1945: 'Мы родились в большой стране, в России!/ Как механизм, губами шевеля,/ Нам толковали мысли неплохие/ Не верившие в них учителя (…) Мы родились в большой стране, в России,/ В запутанной, но правильной стране./ И знали, разобраться не умея/ И путаясь во множестве вещей, / Что все пути вперед лишь только с нею,/ А без нее их нету вообще'. И в том же году, про Сталина: 'Встал воплотивший трезвый век/ Суровый жесткий человек, / Не понимавший Пастернака'.

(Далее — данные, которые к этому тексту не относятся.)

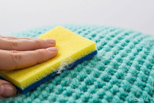 주방에서 사용하는 스펀지 수세미의 거친 면을 이용해 보풀을 제거할 수 있습니다. 니트를 평평한 곳에 두고 섬유 결 방향을 따라 가볍게 문질러 주면 보풀이 뭉치며 떨어집니다. 이때 힘을 너무 주면 섬유가 손상될 수 있으니, 살살 쓸어내듯 움직이는 것이 포인트입니다.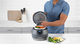 The NutriBullet EveryGrain Cooker simplifies meal preparation by allowing you to simultaneously cook grains and steam veggies, seafood, dumplings, and more using its stackable steaming basket. Enjoy balanced and nutritious meals.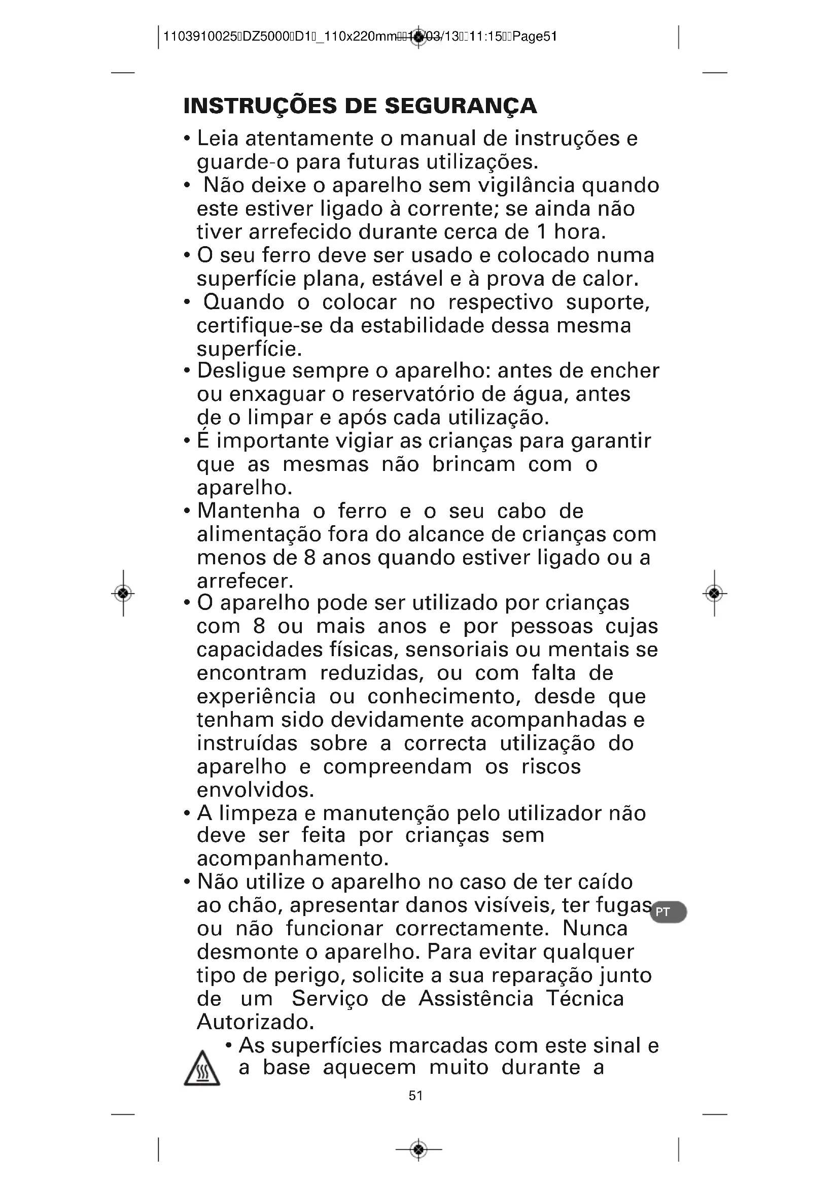 - As superfícies marcadas com este sinal e a base aquecem muito durante a 1103910025DZ5000D1_110x220mm15/03/1311:15Page5152 utilização dos aparelhos. Não toque nestas superfícies antes do ferro arrefecer completamente.

1953: 'Моя страна!/ Неужто бестолково/ Ушла, пропала вся твоя борьба?/ В тяжелом, мутном взгляде Маленкова/ Неужто нынче / вся твоя судьба?'
Ему приписывали строки: 'Народ врагом народа стал'. Апокриф гласил, будто бы он, удивившись этим родившимся в нем строкам, пошел советоваться насчет них в свой партком, и будто бы консультация с партийными отцами и братьями через несколько дней привела его на Лубянку. Не знаю, не спрашивал у Эмки…
Вернусь к тому, с чего начал: как мы с Карякой пили кофе и курили, а Эмка семенил по комнате. Мы — да и не мы одни — в те дни были возбуждены. Только мы с Юрой, выпив немного «кренделевки» и закусив кофе, молча дымили, а некурящий Эмка проявлял свое возбуждение беготней на вынужденно малые дистанции. «Кренделевка» — это водка с парой острых среднеазиатских стручков перца, который я привез из Душанбе; а еще была «коржавинка», в которой водка «облагораживалась» обычным перцем, укропом и чесноком. Поскольку чеснок я на дух не переносил, такого ингредиента в моих рецептах быть не могло. Значит, бегал Эмка по комнате и при этом держал руки перед собой на уровне лица, шумно потирая ладошками и при этом издавая странные, какие-то чмокающие звуки.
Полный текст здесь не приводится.